G06T15/06 »  CPC main

3D [Three Dimensional] image rendering Ray-tracing

G06T5/20 »  CPC further

Image enhancement or restoration by the use of local operators

Description

INTRODUCTION

The present disclosure relates to methods for simulating images with aberrations based on ray tracing. This may be used for autonomous vehicles or other neural networks requiring synthetic images for training vision. Currently no technologies exist to help with simulating images on aberrations based on ray tracing.

SUMMARY

A method for simulating images with aberrations, or a non-transitory computer-readable storage medium on which are recorded instructions. The method includes ray tracing planes of objects to produce plane images, estimating point spread function from the ray tracing, and creating one or more perceived images. The method may include feeding the perceived images into a perception pipeline and generating synthetic imagery from the plane images and the perceived images.

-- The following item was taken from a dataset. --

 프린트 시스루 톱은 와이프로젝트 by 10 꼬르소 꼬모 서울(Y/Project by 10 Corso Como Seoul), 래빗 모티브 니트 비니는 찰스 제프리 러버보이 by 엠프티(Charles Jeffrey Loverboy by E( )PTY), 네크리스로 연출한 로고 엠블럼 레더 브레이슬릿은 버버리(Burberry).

The method may include implementing a blurring effect and implementing a noise tradeoff. The method may also include providing an actual imaging sensor of a vehicle, and the imaging sensor of the vehicle is located within a cabin of the vehicle. The method may further include incorporating optical effects into the generated synthetic imagery, test-drives may not be needed for data collection due to the generated synthetic imagery, and rendering one or more photo-realistic scenes on the generated synthetic imagery. The method may include feeding a ray-tracing simulator with one more synthetic impulse images or scenes.

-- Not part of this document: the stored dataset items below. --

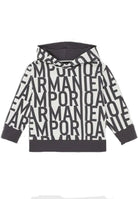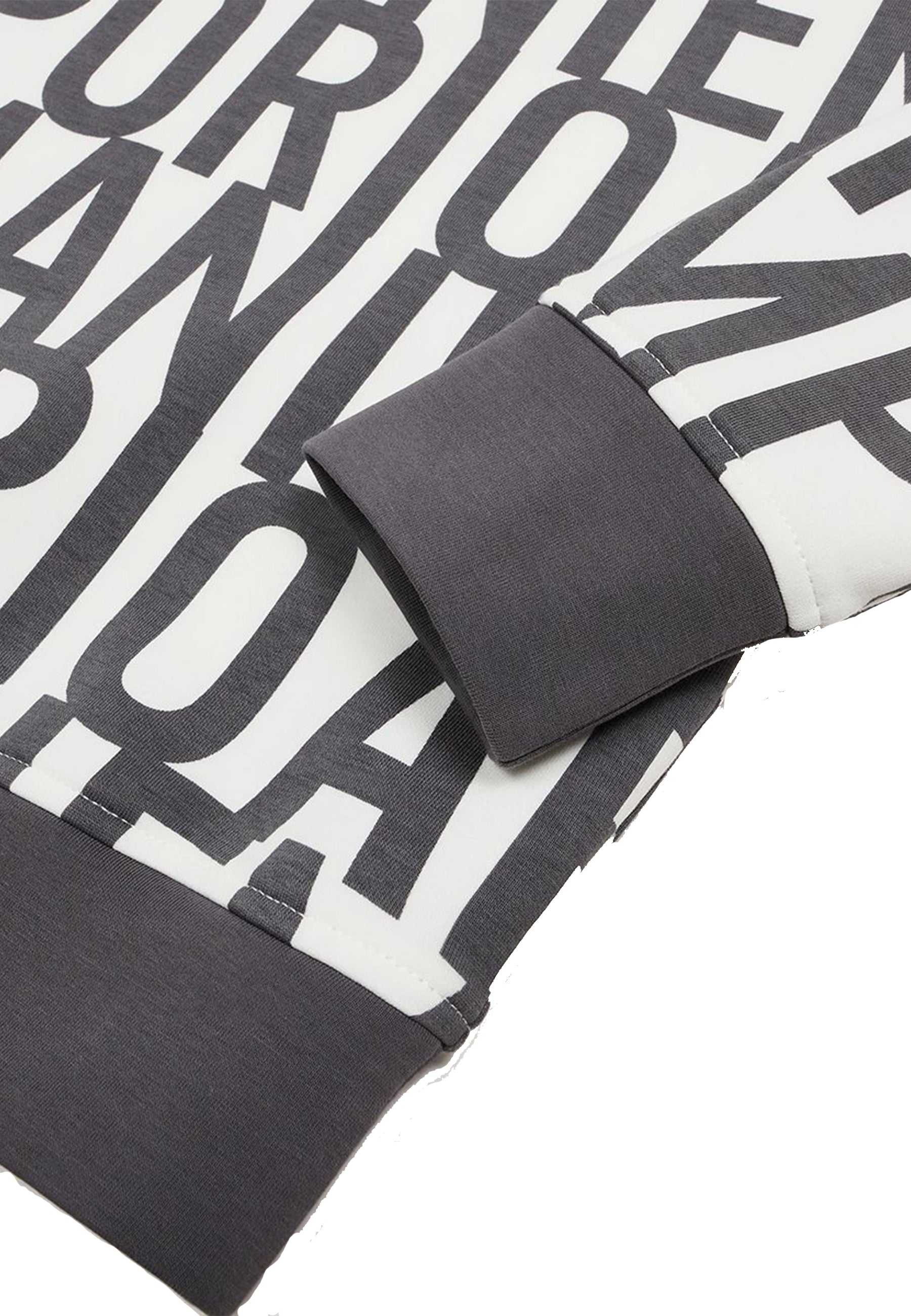 Felpa a doppio jersey con pratico Cappuccio con logo Lettering All over. Polsi e fondo a coste a contrasto colore tinta unita
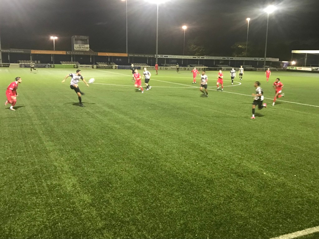 Lymore would go on to score what turned out to be the winning goal of this cup tie, very soon after Elliot Scott had gone close to giving Hutton the lead. Sidhant Nayar’s long kick upfield would bounce on to Dylan Roberts, on the right-hand side of the pitch. The highly influential Lymore forward would take the ball in to the Hutton box, as his low effort on goal was blocked by a Hutton defender, before the ball came to Lymore substitute Gravlyn Kitondo in the centre of the box, and he would finish low in to the goal, prompting celebrations from the Lymore players, 3-4.
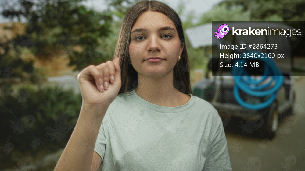 Caucasian teenage girl with long brown hair touches ear listening by golfcart on street wearing green t-shirt; calm reflection.
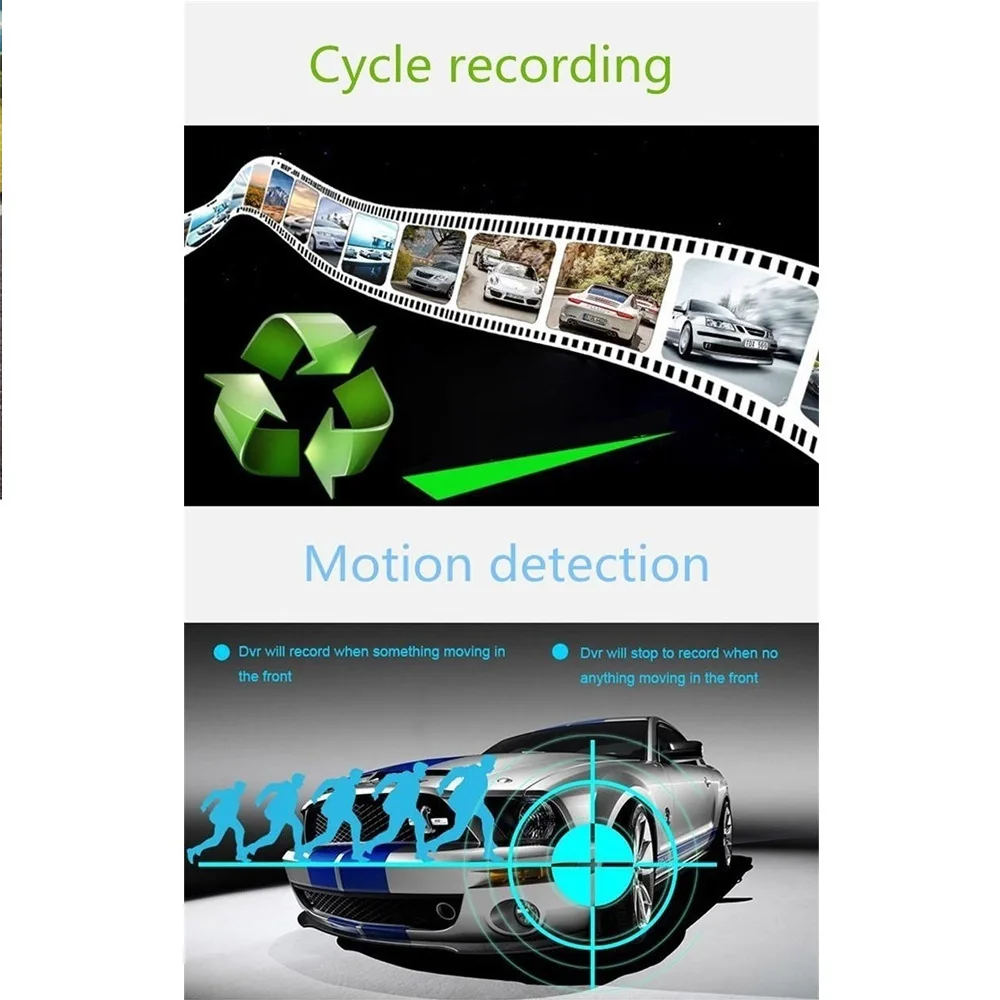 1080P Full HD высокой четкости с чрезвычайно широким углом 170 градусов, который может захватывать номерные знаки автомобилей, дорожных знаков и других вещей в ночное видение как можно более ясно. Блокировка и автоматическое обнаружение движения, при столкновении, резких тормозах и других чрезвычайных ситуациях система автоматически блокирует файлы, тем самым сохраняя важные видеофайлы. Этот автомобильный видеорегистратор имеет две камеры, которые могут записывать два разных угла видео одновременно. Когда автомобиль переворачивает механизм, Автомобильный видеорегистратор автоматически переключается на изображение альтернативной камеры с линией парковки. 4 дюйма IPS сенсорный экран HD дисплей экран высокой четкости, полная система управления цветом.

The above features and advantages and other features and advantages of the present disclosure are readily apparent from the following detailed description of the best modes for carrying out the disclosure when taken in connection with the accompanying drawings.

BRIEF DESCRIPTION OF THE DRAWINGS

FIG. 1 is a schematic diagram of a connectivity system for simulating images with aberrations based on ray tracing.

FIG. 2 is a schematic flow chart diagram of a method, or methods, for simulating images with aberrations based on ray tracing.

DETAILED DESCRIPTION

Referring to the drawings, like reference numbers refer to similar components, wherever possible. FIG. 1 schematically illustrates a connectivity network or connectivity system 10. The connectivity system 10 includes numerous components, only some of which are listed, and/or shown, herein.

A remote or cellular communications system, or cellular network 12, which may be representative of many types of communications protocols, including, without limitation: cellular, satellite, Wi-Fi, Bluetooth, ultra-wideband (UWB) or other communications recognizable to those having ordinary skill in the art. UWB is a radio-based communication technology for short-range use and fast and stable transmission of data.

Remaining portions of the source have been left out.